(Beginning of DATASET EXCERPT)
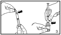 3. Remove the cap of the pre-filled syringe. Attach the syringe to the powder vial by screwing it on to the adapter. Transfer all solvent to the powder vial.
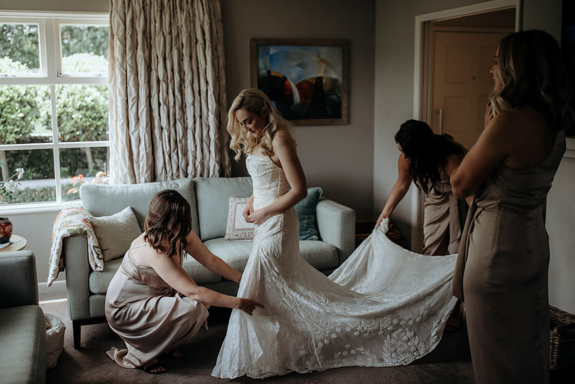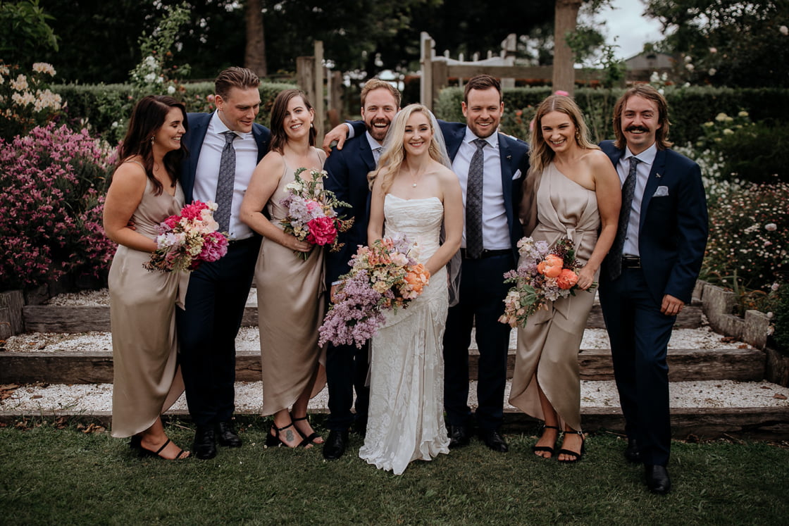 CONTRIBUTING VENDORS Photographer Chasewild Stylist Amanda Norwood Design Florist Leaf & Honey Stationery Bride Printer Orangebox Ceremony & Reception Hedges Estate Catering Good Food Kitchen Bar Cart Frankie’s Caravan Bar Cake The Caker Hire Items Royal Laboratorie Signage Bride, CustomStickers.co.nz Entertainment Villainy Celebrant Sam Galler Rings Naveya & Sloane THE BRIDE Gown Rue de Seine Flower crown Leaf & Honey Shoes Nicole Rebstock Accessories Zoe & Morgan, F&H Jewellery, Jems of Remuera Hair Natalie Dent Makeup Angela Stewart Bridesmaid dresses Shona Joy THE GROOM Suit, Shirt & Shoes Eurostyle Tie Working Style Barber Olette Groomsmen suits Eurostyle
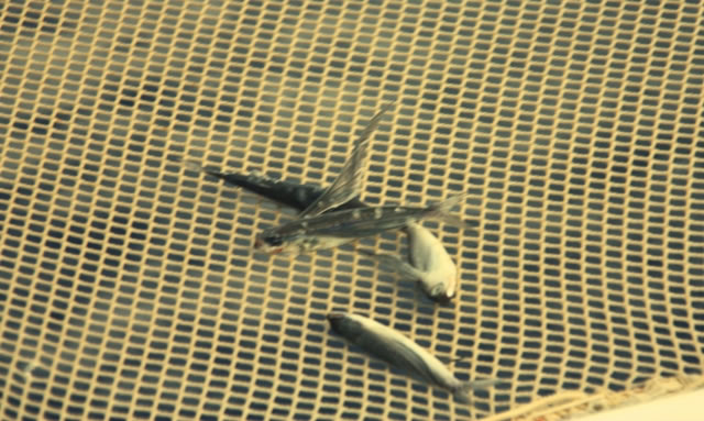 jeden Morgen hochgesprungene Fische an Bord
(End of DATASET EXCERPT)
▶ WHAT YOU WILL DO
For this exercise, retype the data above exactly and skip every image.

▶ ANSWER
 3. Remove the cap of the pre-filled syringe. Attach the syringe to the powder vial by screwing it on to the adapter. Transfer all solvent to the powder vial.
 CONTRIBUTING VENDORS Photographer Chasewild Stylist Amanda Norwood Design Florist Leaf & Honey Stationery Bride Printer Orangebox Ceremony & Reception Hedges Estate Catering Good Food Kitchen Bar Cart Frankie’s Caravan Bar Cake The Caker Hire Items Royal Laboratorie Signage Bride, CustomStickers.co.nz Entertainment Villainy Celebrant Sam Galler Rings Naveya & Sloane THE BRIDE Gown Rue de Seine Flower crown Leaf & Honey Shoes Nicole Rebstock Accessories Zoe & Morgan, F&H Jewellery, Jems of Remuera Hair Natalie Dent Makeup Angela Stewart Bridesmaid dresses Shona Joy THE GROOM Suit, Shirt & Shoes Eurostyle Tie Working Style Barber Olette Groomsmen suits Eurostyle
 jeden Morgen hochgesprungene Fische an Bord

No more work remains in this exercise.